Maybe you're interested in trying bait-making, but you're not interested in actually carving your own baits. If so, here's a link, where you can buy unpainted bodies. 

Just paint them the color pattern you desire, and install the split rings and hooks:
http://www.upnorthoutdoors.com/stamina/crankbait_bodies/unpainted_lurebodies.html

Here's another link for components and all kinds of stuff:
http://www.mooreslures.com


----------



## vc1111 (Apr 13, 2004)

http://www.barlowstackle.com/acb/showprod.cfm?&DID=6&CATID=60&ObjectGroup_ID=519


----------



## eyesman_01 (Jan 4, 2007)

Jann's has them too.


----------



## CountryKat (Apr 5, 2004)

I have used both stamina and barlows for parts but never heard of mooreslures. I looked at there catalog and they have some decent prices on some stuff, I just wonder if the quality is as good as Stamina.
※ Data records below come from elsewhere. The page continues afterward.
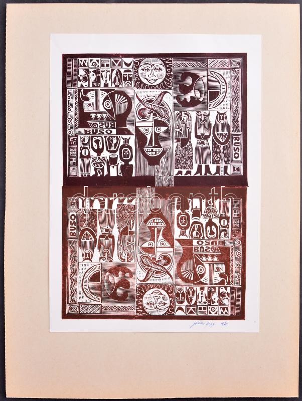 Farkas József (?-): Busó, 1970. Linómetszet, papír, jelzett, lap teteje papírra kasírozva, 27×18,5 cm. Soós Imre (1921-2013) műgyűjtő, művészeti író, a Kisgrafika folyóirat szerkesztője, a Magyar Nemzeti Galéria Baráti Köre alelnökének hagyatékából.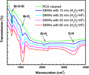 Silicon nanowires (SiNWs) were synthesized by two-step electroless etching of p-type Si (100) wafer and characterized by field emission scanning electron microscopy, UV–Vis spectroscopy, x-ray photoelectron spectroscopy, Fourier transform infrared spectroscopy and Raman spectroscopy. The vibrational signature at 1108 and 2087 cm−1 confirmed SiNWs were passivated by both oxygen and hydrogen atoms. Raman peak at 517 cm−1 indicated crystalline SiNWs with tailing toward redshift due to Fano effect. The Si(2p) and Si(2s) core orbital spectra of SiNWs were found at 99.8 and 150.5 eV, respectively. Moreover, the reflection of SiNWs is minimized to ~ 1 to 5% in the 650-nm wavelength.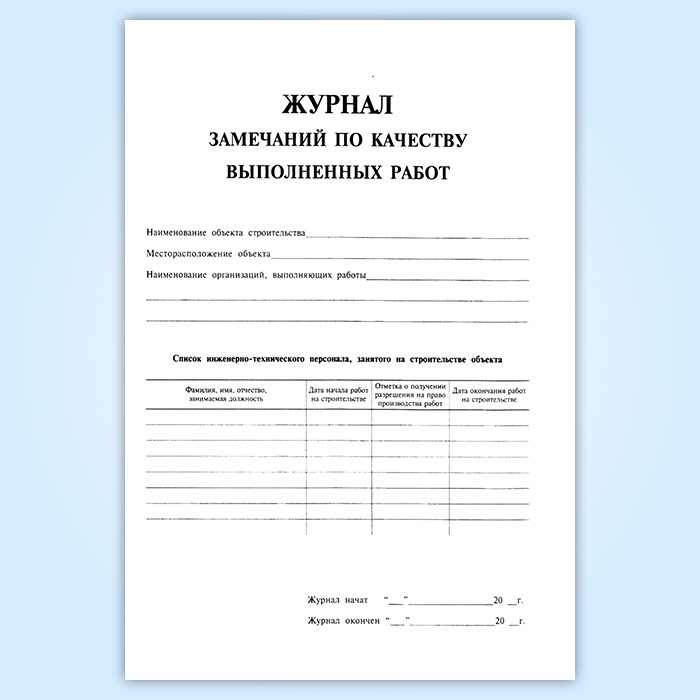 Журнал замечаний по качеству выполненных работ в Ульяновске купить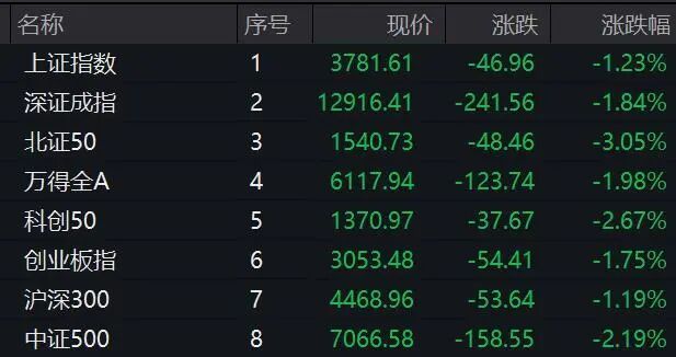 早盘时,A股整体处于震荡调整状态。上证指数盘中跌破3800点,深证成指一度击穿13000点,创业板指失守3100点,科创50也未能守住1400点。市场上超4900只个股下跌,且成交呈放大趋势。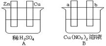 (1)在A图中,使铜片上冒H2气泡。请加以必要连接,则连接后的装置叫 。电极反应式:锌极: ;铜极: 。
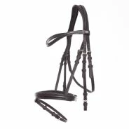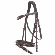 Ons klassiek Engels gecombineerd hoofdstel Quentin is gemaakt van zeer goede kwaliteit leer. Dit leer staat voor een zeer goede duurzaamheid en robuustheid in het dagelijkse werk. De hoofdband is eenvoudig en recht gesneden. Het kopstuk en de neusriem zijn zacht onderlegd en sluiten perfect aan op het paardenhoofd. De neusriem is overloop, waardoor er minder gespen nodig zijn. Bijbehorende webband teugels met stops worden meegeleverd. Gebruik van het Quentin hoofdstel: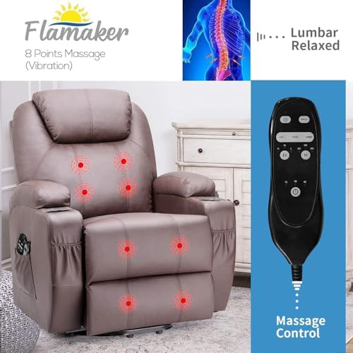 Flamaker Power Lift Recliner Chair with Vibration Massage for Elderly Ergonomic Lounge Chair Classic Single Sofa with Cup Holders Side Pockets for Living Room (Brown)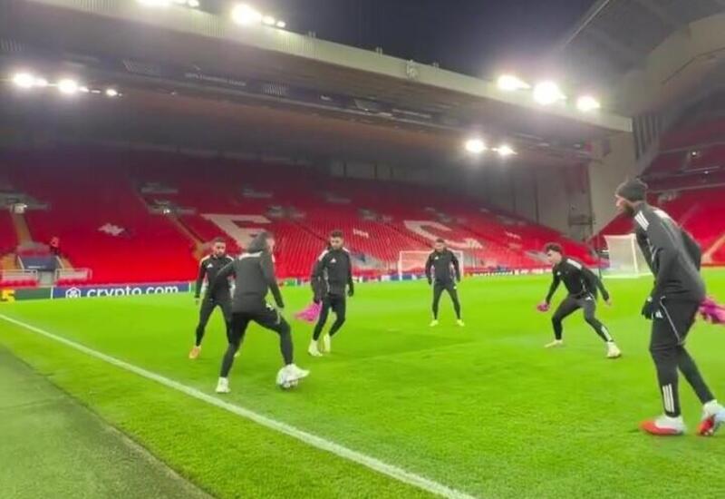 UEFA Çempionlar Liqasının Liqa mərhələsinin sonuncu - VIII turu çərçivəsində "Liverpul"la üz-üzə gələcək "Qarabağ" futbol komandası qarşılaşma ərəfəsində oyunöncəsi məşqini "Enfild" stadionunda keçirib.

You might have topay a little more with Stamina but I like their quality.


----------



## vc1111 (Apr 13, 2004)

Country Kat, I've used Mooreslures and have had good success and luck with them. They sell the same stuff as the others from what I've seen.


----------



## hazmail (Oct 26, 2007)

Yep - I order from Moores all the way to here. I get their hook eyes & occasionally some poly lip blanks etc, and has been good quality. Takes about a week - 10 days to get it here, but so does everyone else. Pete


----------



## dodgeboy75 (Feb 20, 2007)

eyesman_01 said:


> Jann's has them too.


I like Janns also, they also have unpainted balsa bodies for those who like to modify a little.

jannsnetcraft.com


----------